Newby suggested in his questioning that there was no way for the courts to properly adjudicate what actually would constitute a “fair” map in the state — and suggested the question might be better left to lawmakers. He pressed Lali Madduri, an attorney who argued on behalf of the plaintiffs, on how lawmakers and judges should interpret metrics used to measure partisan fairness, and if advisers to the court who either make those measurements or draw the lines should be subject to an ethics code.
“How does the General Assembly determine that ‘all voters have equal voting power?’” he asked, implying it wasn’t feasible.
Allen, at one point, seemed to say arguments against gerrymandering could spin out of control. He picked up on a line of questioning from Newby, wondering if the court should apply those principles of fair elections to county and municipal elections — or even school boards or other local offices.
The two Democratic judges left on the North Carolina high bench sought to defend their past majority opinion. Justice Anita Earls pushed Phillip Strach, who represented Republican lawmakers, on his arguments that the court did not have jurisdiction to determine the fairness of the maps and that it was a political question left to lawmakers.
“How can it be left up to the people?” Earls asked. “If the maps don’t fairly reflect the voting strength of the people of the state, aren’t you essentially seeking to prevent voters from exercising control over their own government?”
The newly-conservative majority’s decision to grant a rehearing of the case is something that rarely happens in the state. It will also rehear arguments for a voter ID case on Wednesday.
Tuesday’s arguments, and the court’s subsequent decision, could also imperil a pending U.S. Supreme Court case that has been closely watched because of its potential to sharply constrain or eliminate the power of state courts, governors and election officials to issue important decisions about election administration by advancing what’s known as the Independent State Legislature theory.
At arguments in that case in December, a majority of the justices seemed to coalesce around a middle-ground position that would preserve roles for various actors at the state level and not fulfill the worst fears of Democrats by giving state legislatures something approaching free rein over elections, constrained only by federal law and the U.S. Constitution.
No ruling has yet been issued in that case, but earlier this month, the U.S. Supreme Court justices reacted to the North Carolina high court’s rehearing order and instructed the parties to file briefs addressing whether the state court’s move impacted how the federal court should handle the case. Those filings are due in Washington on Monday.
However, on Tuesday in Raleigh, a lawyer for some of the civil rights groups trying to preserve the state Supreme Court’s earlier ruling, Sam Hirsch, tangled with one of that court’s justices, the newly-elected Dietz, for refusing to address his question about whether the state court should stand aside until the U.S. Supreme Court acts.
“Do you have a view on that?” Dietz asked.

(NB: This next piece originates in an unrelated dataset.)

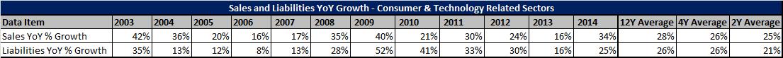 Second, Chinese companies in aggregate have a lot of debt and a good chunk of that debt is denominated in US dollars. Estimates for the amount of US dollar denominated debt vary, but one prominent firm just put the number in the $1.1tn range. A massive devaluation would make that debt harder to repay and would decimate industrial/cyclical companies who have piled on the leverage over the last few years at a far faster rate than consumer, health care, or technology related companies. In an ironic way, the very sectors that would benefit the most by a devaluation from an income statement perspective are the same ones that would be hurt the most from a balance sheet perspective. To help illustrate this, the next two tables show the aggregate annual sales growth of CSI 300 companies broken out into industrial/investment/energy related companies and consumer/tech related companies. In the first table showing the industrial/investment/energy related companies we can see that the liabilities have continued to pile on even as the rate of sales growth has slowed, implying a lot of leverage buildup. In the second table showing the consumer/tech related companies, we see that liabilities and sales have grown in lock step over the last decade, implying not much leverage buildup.

“We will be filing in the U.S. Supreme Court on March 20 our views on the relationship between those two cases. I have nothing to add to that,” Hirsch said, before trying to move on to other aspects of his argument.
“Oh … I’m a justice on the Supreme Court of North Carolina,” Dietz said indignantly. “We’re hearing this case. So, I’m asking for your legal view on that for us. We need to assess that. So, I’d ask you what your view is? … Why can’t you answer my question right now?”
Hirsch demurred again, saying the various plaintiffs in the case need to come to agreement on a position and suggesting they haven’t done so yet, but will be sure to share the filings to the U.S. Supreme Court with the North Carolina justices.